実咲と優菜は自信に溢れた目でうなずいた。
ステージのバックには海が広がっていた。
ライブの開園時刻は夜の七時だが、海はライトで照らされ、波の形がくっきりと見えた。
「皆さん!今夜はお集まりいただきありがとうございます」
実咲は開演の挨拶を始めた。
俺は・・・緊張というよりかは興奮していた。こんなに多くの客を一度に見るのは人生で初めてだからだ。
コズモスのファン層は若い女性が多いが、今回は家族連れも多く見られた。
最初の曲は恋に敗れた人への悲しみ溢れる曲だった。
自分でも演奏しながら感動してしまった。クララと俺のように。もう会えないかもしれないと思いつつ恋心を抱くのは本当に辛いことだ。

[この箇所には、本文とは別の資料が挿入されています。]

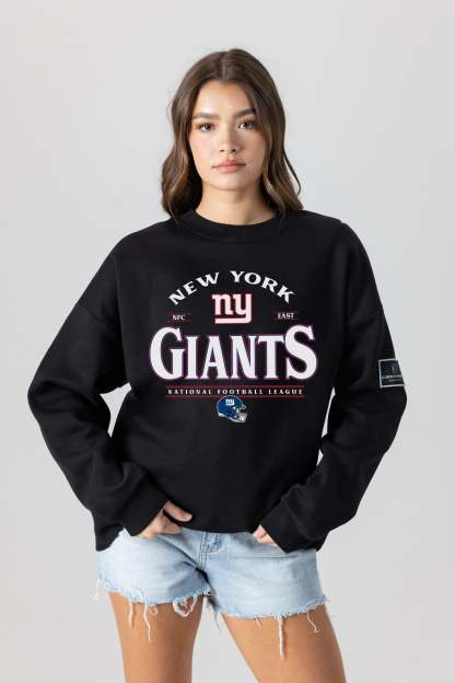 Get ready to cheer on your New York Giants with our black label premium fleece drop-shoulder crewneck with ribbed knit neckline, cuffs, and waistband. From the game to the everyday, this is your go-to choice.

ただ巡り合えた奇跡を祝うことしかできない、そんな男の気持ちを歌った曲だった。
演奏が終わった後の拍手は未だかつてないほどに盛大だった。
この曲は実咲が作詞作曲したもので、後で聞いた話だが雅人とクララを元にしたらしい。
二曲目は珍しく優菜が作詞をし、実咲が作曲を行った曲だ。穏やかなメロディーでどこまでも広がる自由な土地に独り、まるで狼のような人がいた。そんな人に‘‘ある思い‘‘を寄せた素敵な曲だった。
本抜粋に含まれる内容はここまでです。